Using K-means for color compression with Python

Modeling objective

We will use K-means to cluster the pixels of a photograph of some tulips based on their encoded color values. We will explore how different values of k affect the clustering of the pixels, and thus the appearance of the photograph. We will also examine what is happening “under the hood” as the algorithm executes.

The main focus here is on the theory and results of its application, not on the codes itself. 

Import statements
import numpy as np
import pandas as pd

%pylab inline
import plotly.graph_objects as go

from sklearn.cluster import KMeans
Read in data

The “data” in this case is not a pandas dataframe. It’s a photograph, which we’ll convert into a numerical array.

# Read in a photo
img = plt.imread('using_kmeans_for_color_compression_tulips_photo.jpg')
# Display the photo and its shape
print(img.shape)
plt.imshow(img)
plt.axis('off');
(320, 240, 3)

Here we have a photograph of some tulips. The shape of the image is 320 x 240 x 3. This can be interpreted as pixel information. Each dot on our screen is a pixel. This photograph has 320 vertical pixels and 240 horizontal pixels.

The third dimension of “3” refers to the values that encode the color of each pixel. Each pixel has 3 parameters: red (R), green (G), and blue (B), also known as its RGB values. For each color—R, G, and B—the encoded value can range from 0-255. This means that there are 256³, or 16,777,216 different combinations of RGB, each resulting in a unique color on our screen.

To prepare this data for modeling, we’ll reshape it into an array, where each row represents a single pixel’s RGB color values.

# Reshape the image so that each row represents a single pixel 
# defined by three values: R, G, B
img_flat = img.reshape(img.shape[0]*img.shape[1], 3)
img_flat[:5, :]
array([[211, 196,  41],
       [199, 180,  24],
       [179, 152,   0],
       [186, 150,   0],
       [187, 143,   0]], dtype=uint8)
img_flat.shape
(76800, 3)
Plot the data in 3-D space

Now we have an array that is 76,800 x 3. Each row is a single pixel’s color values. Because we have only 3 columns, we can visualize this data in 3-dimensional space. Let’s create a pandas dataframe to help us understand and visualize our data.

# Create a pandas df with r, g, and b as columns
img_flat_df = pd.DataFrame(img_flat, columns = ['r', 'g', 'b'])
img_flat_df.head()
rgb
021119641
119918024
21791520
31861500
41871430

Note: The following code normally gives an interactive plot.
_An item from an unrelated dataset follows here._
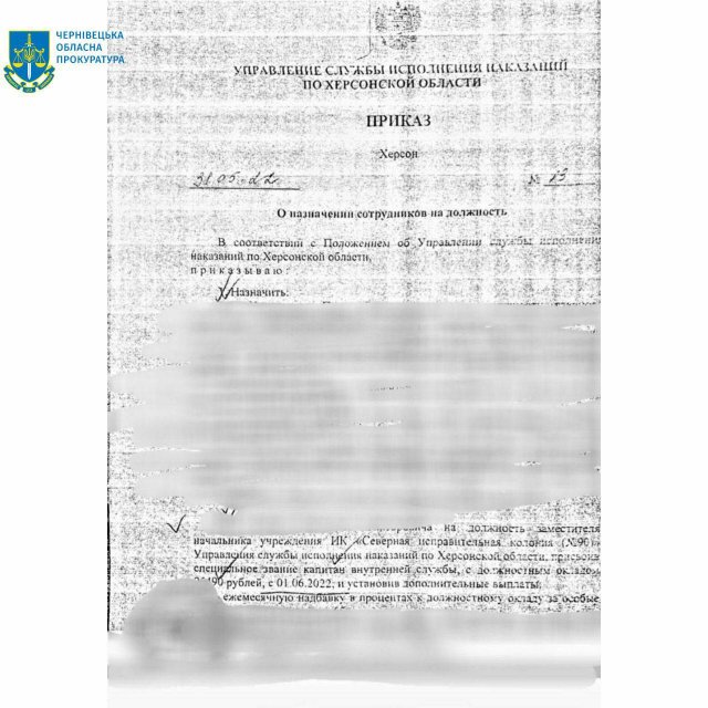 Чернівецька обласна прокуратура передала до суду обвинувальний акт стосовно колишнього старшого інспектора відділу нагляду і безпеки ДУ «Північна виправна колонія (№ 90)» за фактами державної зради та колабораційної діяльності (ч. 2 ст. 111, ч. 7 ст. 111-1 КК України).Як повідомляє Чернівецька обласна прокуратура, за даними слідства, працівник виправної колонії після захоплення Херсона перейшов на бік ворога.

However I couldn’t embed it correctly here, so I am just providing a static pic instead.

# Create 3D plot where each pixel in the `img` is displayed in its actual color
trace = go.Scatter3d(x = img_flat_df.r,
                     y = img_flat_df.g,
                     z = img_flat_df.b,
                     mode='markers',
                     marker=dict(size=1,
                                 color=['rgb({},{},{})'.format(r,g,b) for r,g,b 
                                        in zip(img_flat_df.r.values, 
                                               img_flat_df.g.values, 
                                               img_flat_df.b.values)],
                                 opacity=0.5))

data = [trace]

layout = go.Layout(margin=dict(l=0,
                               r=0,
                               b=0,
                               t=0),
                               )

fig = go.Figure(data=data, layout=layout)
fig.update_layout(scene = dict(
                    xaxis_title='R',
                    yaxis_title='G',
                    zaxis_title='B'),
                  )
fig.show()

In this graph, each dot represents a color/pixel that is in our original image of tulips. The more intense the color, the more dots are concentrated in that area. The most-represented colors in the graph are the most abundant colors in the photograph: mostly reds, greens, and yellows.

We can train a K-means model on this data. The algorithm will create k clusters by minimizing the squared distances from each point to its nearest centroid.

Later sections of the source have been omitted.